I’m in the process of saving up my bananas now. I’m shooting for 80lbs for a 5 gallon batch. 

I’m interested to see how yours turns out.


----------



## hounddawg (Feb 24, 2020)

at anytime i am open to tips and so on,
Dawg


----------



## hounddawg (Feb 24, 2020)

added pectic enzyme, and turned heat up to 80 degree F, it is still to cold to pitch yeast, i believe by tomorrow i will take must temperature again, once i hit upper 50's EC-1118 should be able to start to work, so come morning i plan to pitch yeast and yeast nutrient, soon as everything gets to percolating i'll check ph level,


----------



## dralarms (Feb 24, 2020)

hounddawg said:


> added pectic enzyme, and turned heat up to 80 degree F, it is still to cold to pitch yeast, i believe by tomorrow i will take must temperature again, once i hit upper 50's EC-1118 should be able to start to work, so come morning i plan to pitch yeast and yeast nutrient, soon as everything gets to percolating i'll check ph level,




Turn that heater off, dang. Let it thaw naturally.


----------



## hounddawg (Feb 24, 2020)

dralarms said:


> Turn that heater off, dang. Let it thaw naturally.

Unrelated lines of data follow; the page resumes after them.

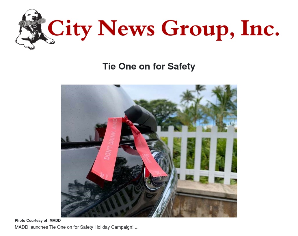 You can also use #MADDTieOneOnForSafety to share on social media. For more information on how you can support MADD and Tie One on for Safety Holiday Campaign, visit madd.org/the-solution/drunk-driving/tie-one-on-for-safety/.
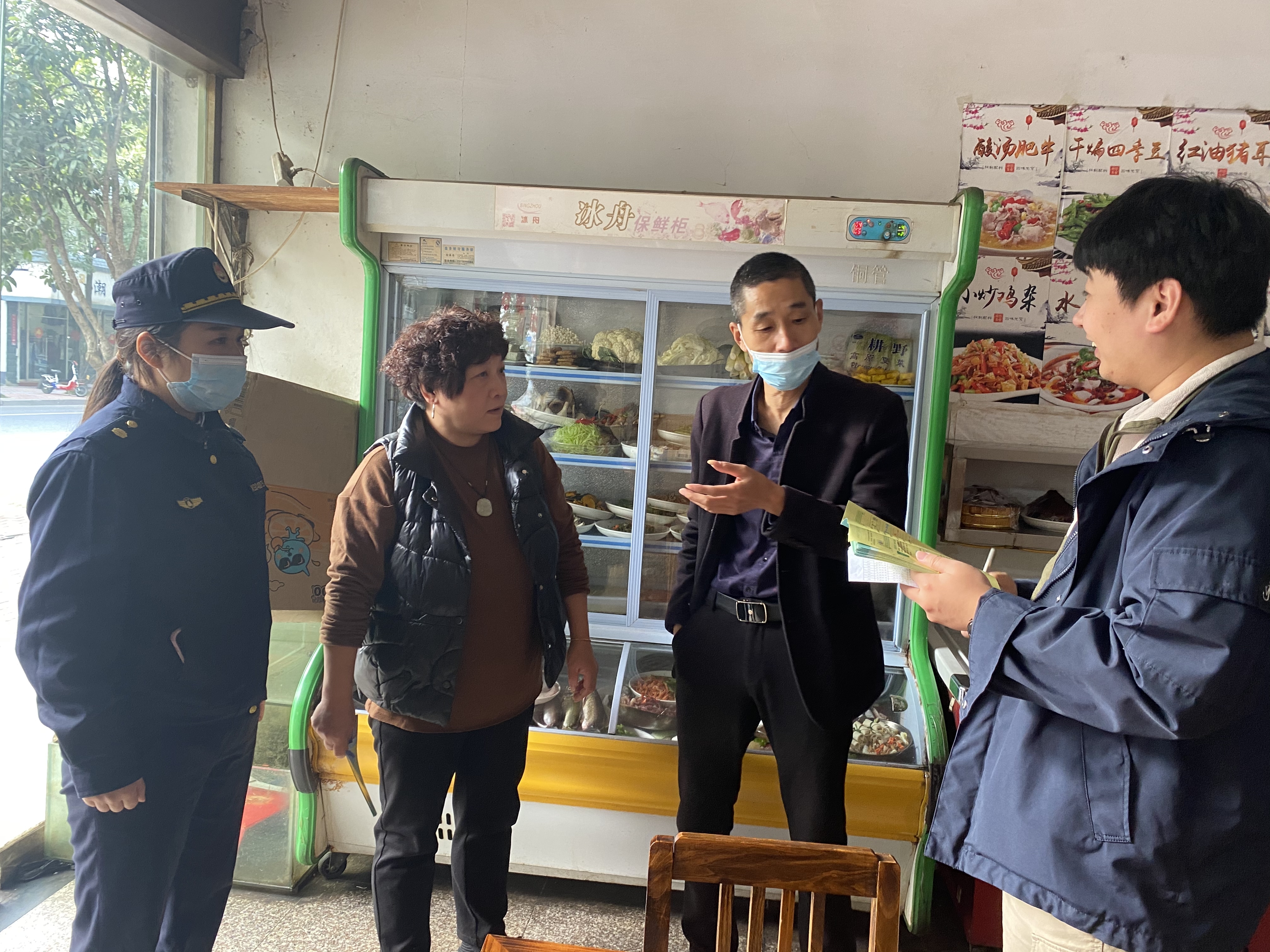 “老板,你店里的防火门安装得很到位,整改迅速值得点赞。但是垃圾分类有所松懈,你看,一张餐巾纸混进了可腐烂垃圾里了。”“老板娘,你家垃圾分类保持得不错,只是消防通道抓紧清理不要堆放杂物......”
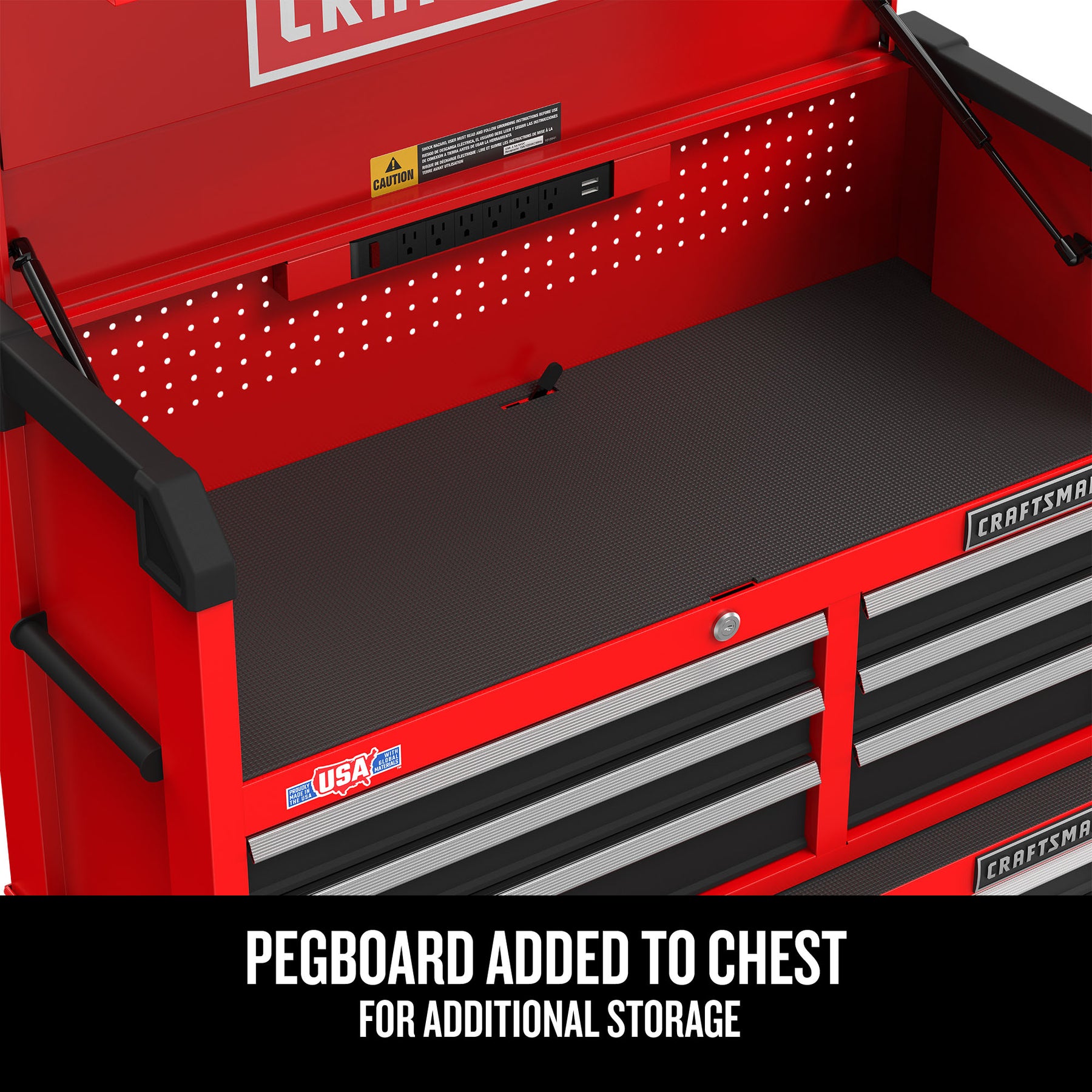 • Customizable Workspace: Pegboard back wall and embossed top mat with liners in every drawer
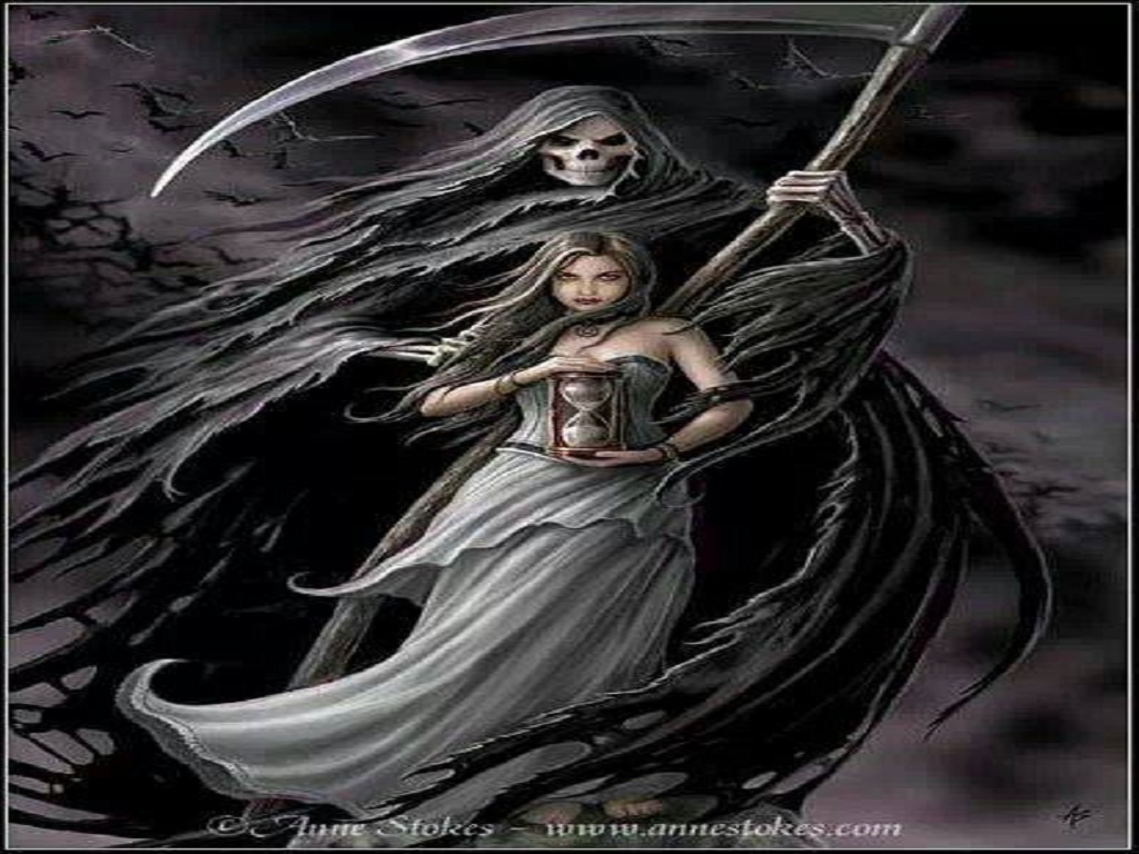 Description: A woman holding a sculler with a skeleton on it's back and a grimy grimy grimy grimy grimle on her face.
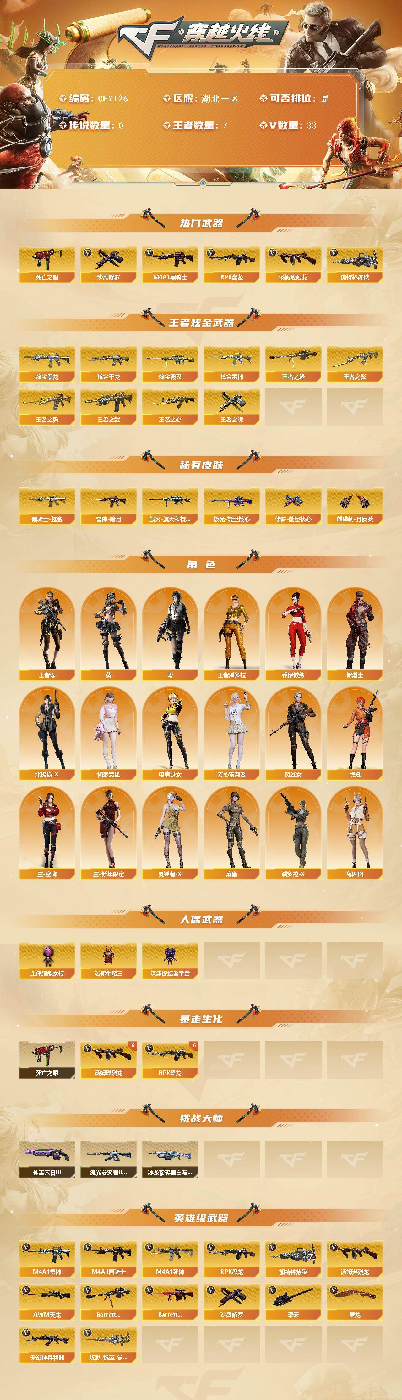 【CFYT26】31V/100级/元帅/7王者/5炫金/2英雄/死亡之眼/M4A1_黑骑士/汤姆逊烈龙/RPK_盘龙/加特林_炼狱/沙鹰_修罗/王者之势/王者之武/王者之影/王者之心/王者之怒/王者之魂/炫金黑龙/炫金千变/炫金雷神/炫金毁灭/雷神-暗月/毁灭-航天科技皮肤/黑骑士耀金皮肤/极光-能量核心/修罗-能量核心/麒麟刺-月皮肤/零/葵/王者-零/王者潘多拉/乔伊教练/修道士/北极狐-X/初恋灵狐/电竞少女/芳心审判者/风暴女/虎妞/兰-空鹰/兰-新年限定/灵狐者-X/麻雀/潘多拉-X/

no, no, no, i let it thaw slowly, what i meant is now in ferment barrel for 48 hours and it is still to cold to pitch, but i bet you'r still right, i'll let my must warm up slowly, you know if left alone i'd be in a mess, thank you. i just got over anxious to start, i forgot the first rule of good wine patience above all, 
Dawg


----------



## dralarms (Feb 24, 2020)

hounddawg said:


> no, no, no, i let it thaw slowly, what i meant is now in ferment barrel for 48 hours and it is still to cold to pitch, but i bet you'r still right, i'll let my must warm up slowly, you know if left alone i'd be in a mess, thank you. i just got over anxious to start, i forgot the first rule of good wine patience above all,
> Dawg


The longer it takes to thaw the more juice you’ll get.


----------



## hounddawg (Feb 25, 2020)

dralarms said:


> The longer it takes to thaw the more juice you’ll get.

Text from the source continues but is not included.